A Stanza I Liked So Much I Got It Tattooed on My Arm

This past week, the very talented Josiah Schmelzer tattooed my arm with a Rumi quote that has guided me for several years now:

"Out beyond ideas of wrongdoing and rightdoing, there is a field. I'll meet you there."

Why a tattoo rather than a wall hanging?

 

The simple answer to this question is that these are words by which I want to live.

My own healing has centered on seeing clearly how often thinking in terms of dichotomous judgments--right or wrong, good or bad--has not only narrowed my thoughts and actions but also limited my ability to connect with others. "Ideas of wrongdoing and rightdoing" have also contributed to a lot of internal suffering, mostly in the forms of anxiety and self-judgment. Trying to soften and open to whatever comes my way, on the other hand, has promoted a sense of belonging as well as the dissolution of us/them boundaries.
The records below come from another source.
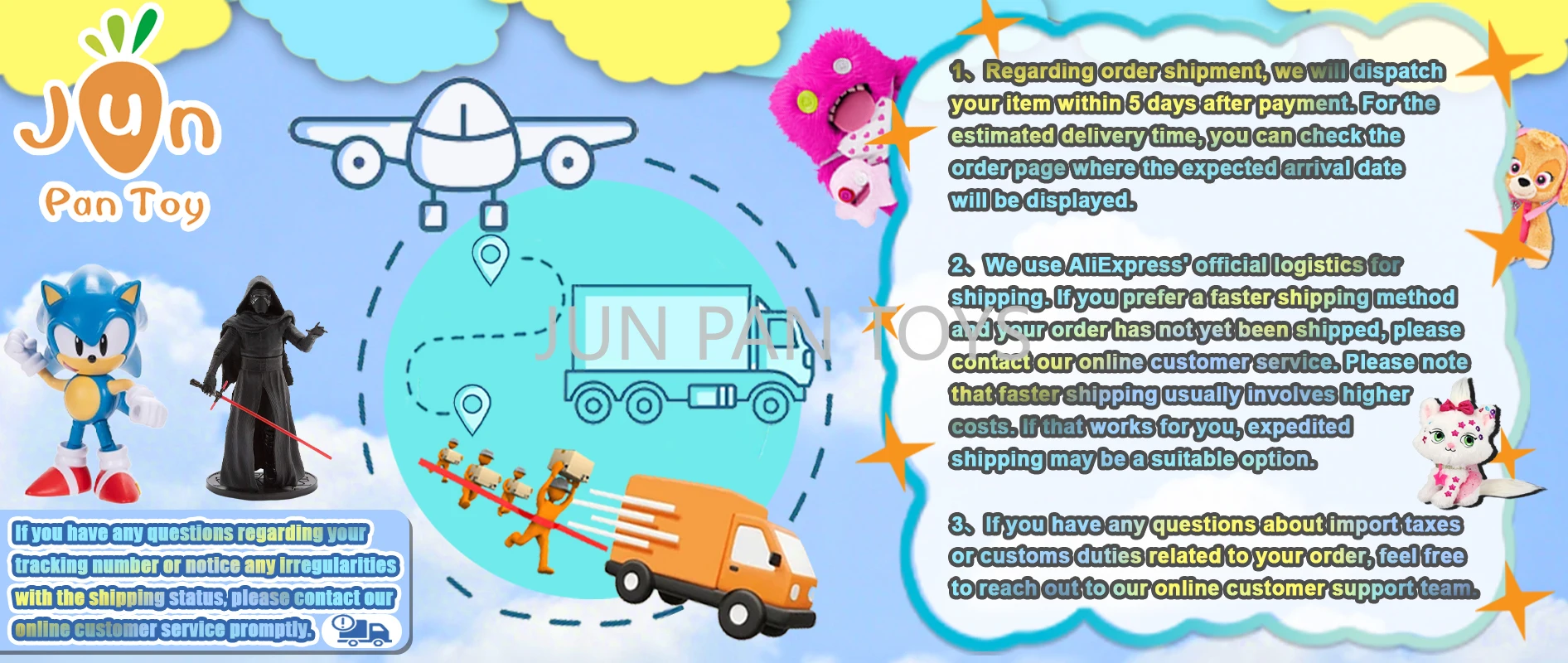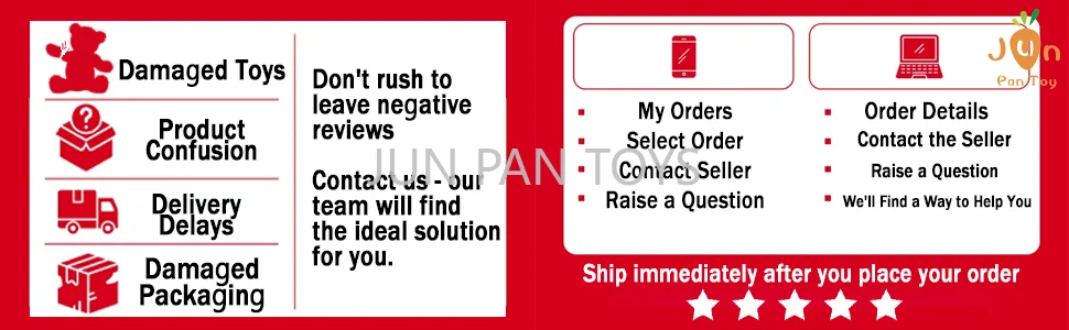 1、Valorizamos verdadeiramente sua experiência de compra e entendemos totalmente sua preocupação com possíveis danos aos itens durante o transporte.Também reconhecemos que você pode preferir medidas de proteção adicionais para seu pedido.É por isso que gostaríamos de compartilhar com você o processo de embalagem da JUN PAN TOYS.Você pode verificar as imagens abaixo para ver como embalamos os itens - isso pode ajudá-lo a se sentir mais confiante sobre sua compra.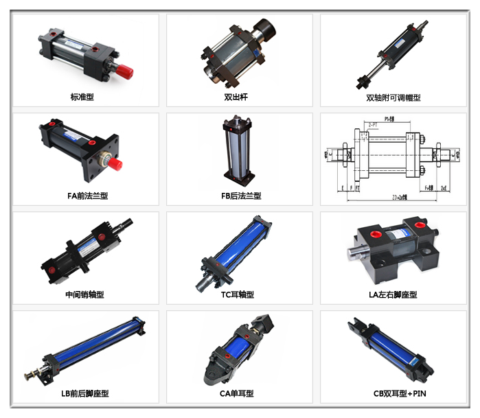 標準型、雙出桿、雙軸附可調帽型、FA前法蘭型、FB后法蘭型、中間銷軸型、TC耳軸型、LA左右腳座型、LB前后腳座型、CA單耳型、CB雙耳型+PIN。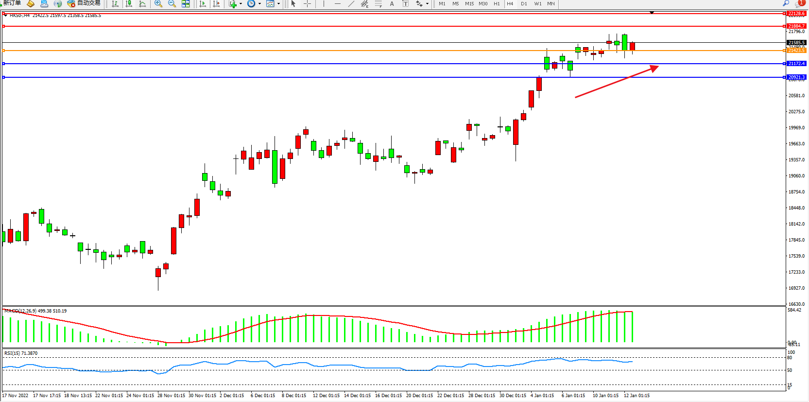4小时图看:高位短期窄幅整理缓慢上移,市场看涨情绪依旧,MACD指标处于多头区域高位整理,RSI指标处于多头区域高位徘徊;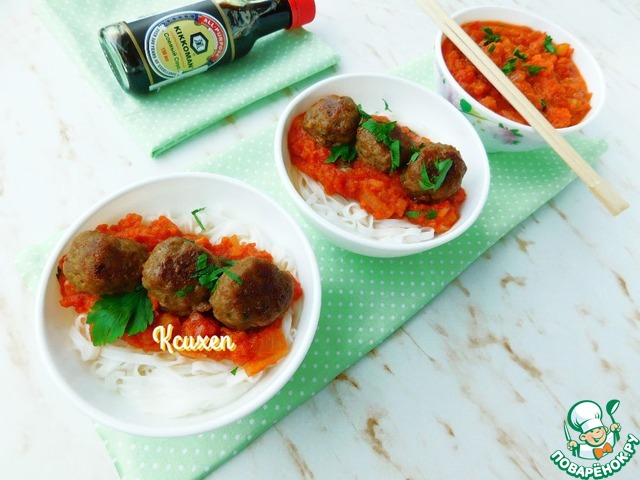 Осталось сервировать блюдо. Для этого раскладываем по пиалам рисовую лапшу, сверху щедрую порцию тайского соуса, несколько обжаренных тефтелей. И украшаем всю эту красоту свежей зеленью.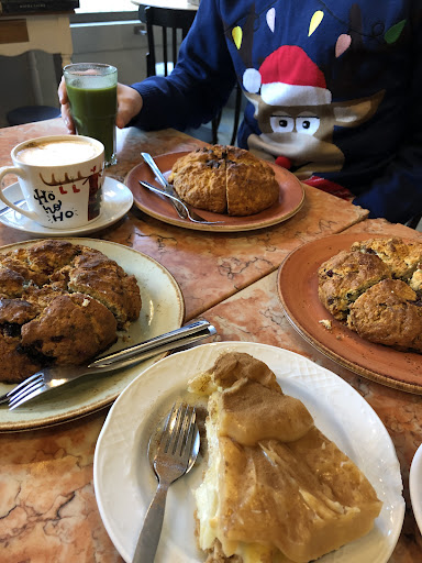 Read moreAmazing food and drinks, even better service! Even though it’s Christmas Eve, nobody was skimping on quality (or quantity). To drink, we had 2 lattes, a glass of milk and a green juice for the 4 of us. The juice was excellent (very refreshing) and the lattes better than the majority here in Portugal. We ordered 2 berry scones, 1 chocolate scone, and a slice of apple and walnut cake. Due to no fault of the restaurant, somebody just managed to get the last slice of cake before us, so we ordered apple pie instead. No disappointments whatsoever, absolutely massive portions (we eat a lot and left over half a scone), the scones were fluffy with a nice crusty outside but still not dry on the inside, the sweetness of the condensed milk on the pie perfectly balanced by the fresh apple slices. Would definitely come here again, particularly grateful to our server whose name we didn’t get (and who complemented our jumpers). Excellent English...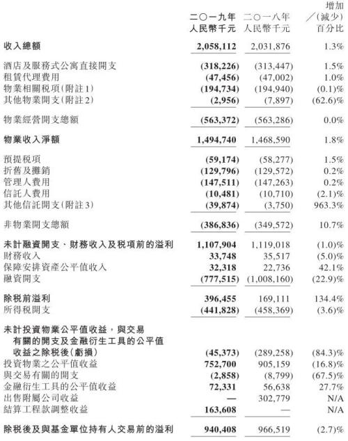 而利润端的小幅下滑,一定程度归功于融资开支大幅变动的“修饰”。智通财经APP了解到,越秀房托基金的物业经营开支总额录得与去年持平的5.63亿元,而大幅的汇兑亏损导致其他信托开支一项同比大幅增长963.3%,使得非物业开支总额同比增长10.7%至3.87亿元,公司未计融资开支、财务收入的税前利润仅小幅下滑1%至11.08亿元,之后由于费用占比最大的融资开支一项2019年仅录得7.78亿元,同比大幅降低22.9%,使得公司税前利润同比大增134.4%至3.96亿元。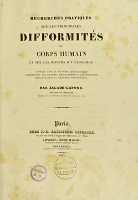 Recherches pratiques sur les principales difformités du corps humain, et sur les moyens d'y remédier / [G. Jalade-Lafond].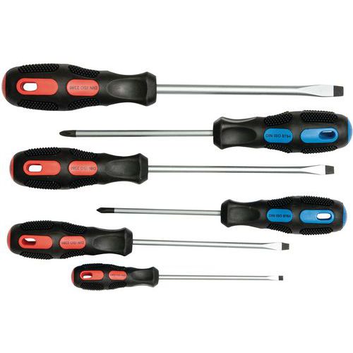 | Intitulé du produit | Jeu de 6 tournevis plats et Phillips, Type d'embout: Plat-Phillips®, Nb de pièces: 6, Usage: Serrage |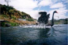 One day there was all this flappin’ and ploppin’, and lots of splashin’ and the odd feather flyin’ (see first pic above) as the huge black swan that thought it was a Grumman Goose seaplane, frumped around the waters near the launch ramp at Quarry lake on Auckland’s north shore as Alan Hayes steered clear, still managing to capture the ensuing commotion. With his `boat cam’ camera (with a one click and then reload system) mounted on his One Metre he has taken some great photos. That’s one story the more believable of the two, the other being…that the swan was actually a 4 channel RC operated model used by the club to frighten and shoosh away all the real swans that were there that day, so that the North Shore Radio Yacht Squadron fleet had some sailing space on the water!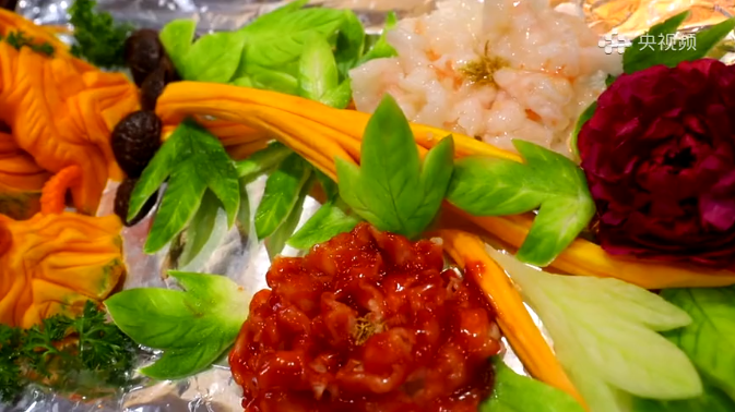 这道花开盛世选用明虾炸制成花瓣形状,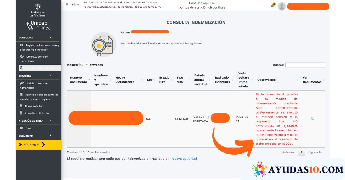 consultar indemnización de desplazados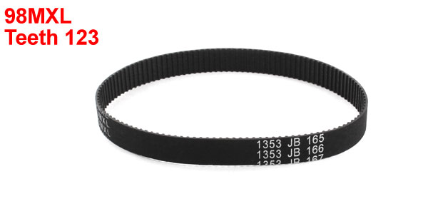 Product Name Timing Belt Model 98MXL Number of Teeth 123 Code Number 037 Teeth Pitch 2.032mm/ 0.08" Belt Width 9.5mm / 0.37" Pitch Length 248.92mm/ 9.8" Material Rubber Color Black Weight 4g Package Content 1 x Timing Belt - Reviews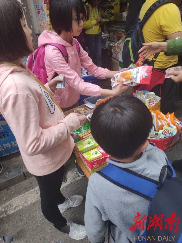 4月12日下午4时,长沙市开福区营盘路小学外,放学后的喧闹声逐渐打破宁静。听到熟悉的下课铃声,离校门不足200米的便利店店主赶忙将摆满零食的小方桌从屋内抬出,仔细清点着手中用于找零的五角、一元人民币。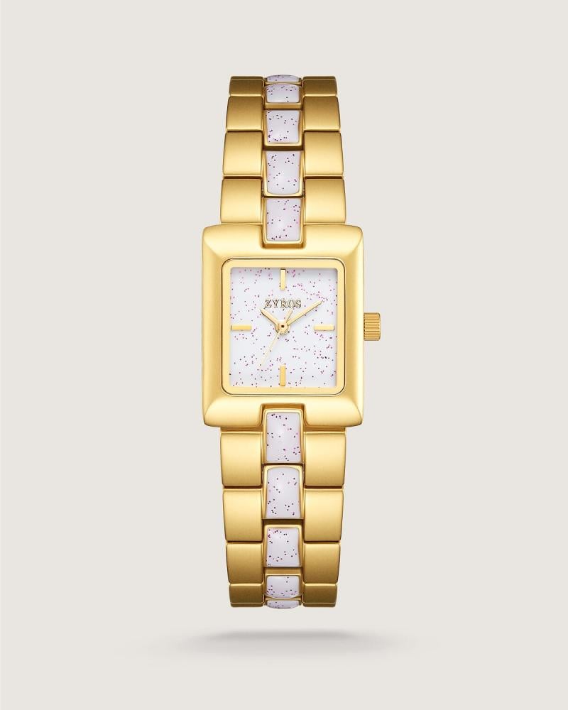 ساعة نسائية تنبض بالرقي والفخامة، يتألق ميناؤها الصغير بلون صدفي كسماء تتزين بالنجوم تروي حكاية زمن راقٍ لا يبهت. خطوطها الهادئة تنسجم مع سوارها الذهبي لتصنع حضورًا استثنائيًا، كنبضة فخر خفيّة تلامس القلب وتُذكّر بروح وطن عزيز يظل شامخًا في كل رواية.
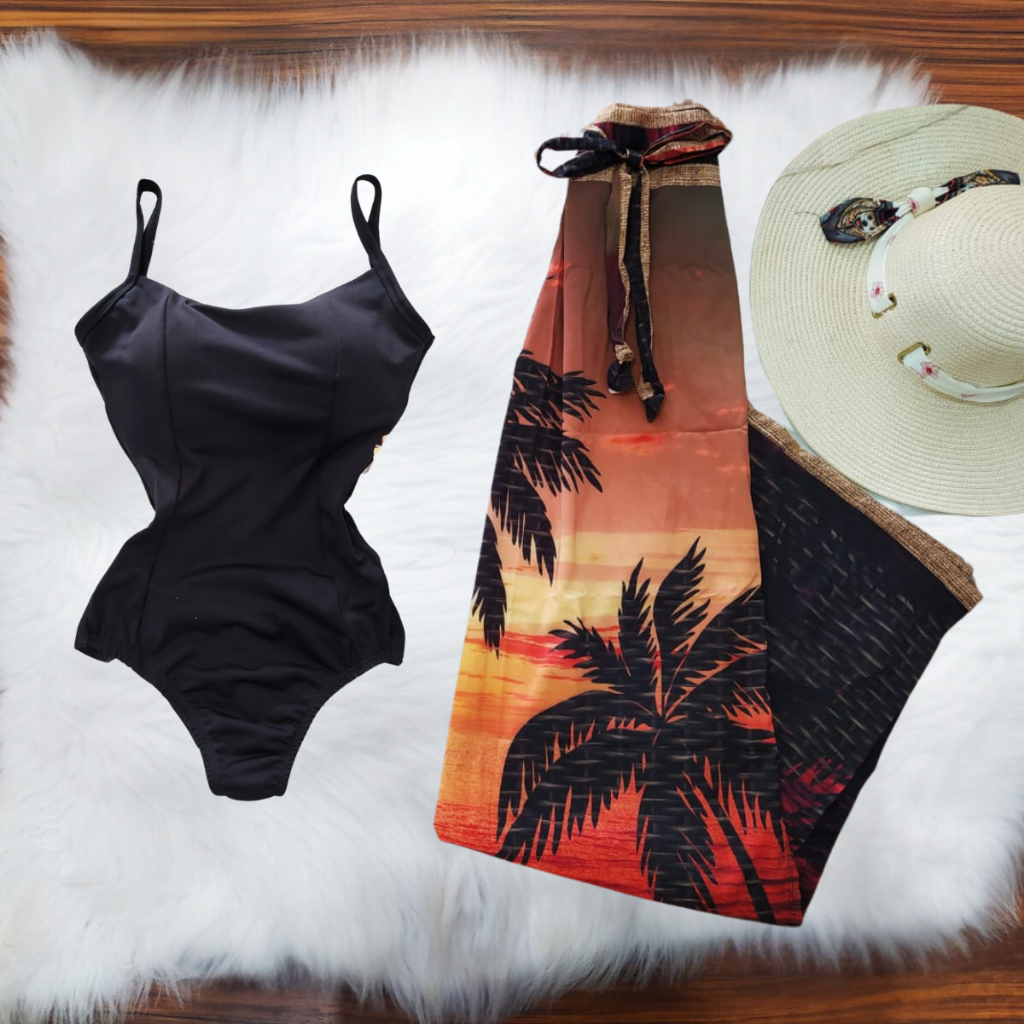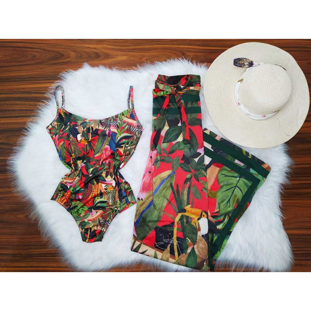 Conjunto Body Maiô + Pareô Saíde de Praia e Banho Kit Canga Moda Praia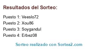 Lista de participantes: Erbez08, Soygandul, Veeslo72, Xou86.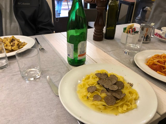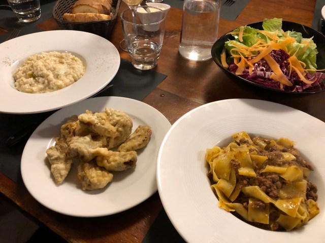 When the ditalini is done add a package of greens. Tonight I used Fresh Express mixed spinach and arugula but sometimes I add all spinach or baby kale. When the greens have melted into the stew give it a taste and add more salt if needed. You are ready to serve it up!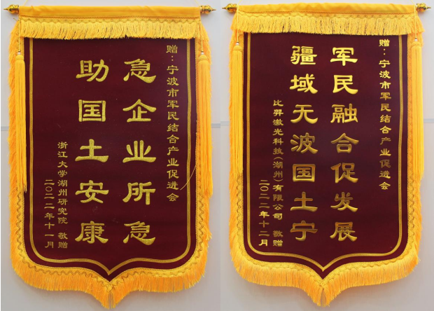 浙江大学湖州研究院、比羿(激光)科技(湖州)有限公司特意邮寄过来两面锦旗,为本会在双方需求对接过程中做出的努力表示衷心的感谢。

One of the trickier aspects of navigating this shift beyond right/wrong thinking has involved boundary-setting. After all, the goal of creating more spaciousness around our experience is not to be mistreated by others or to jump headlong into someone else's suffering. But when we are experiencing a sense of harm caused by another or feel an intense desire to save someone, remembering that the stories we tell about others and ourselves are partial, and often distorted, can help us to pause. In that pause lies the freedom to act and speak in ways that cultivate our lives for peace, not war.*

Rumi's poetry reminds me of all this and more, so I now wear it on my sleeve, so to speak. * I'm thinking of Victor Frankl's quote here, which I first heard from Tara Brach: "Between stimulus and response, there is a space. In that space is our power to choose our response. In our response lies our growth and our freedom."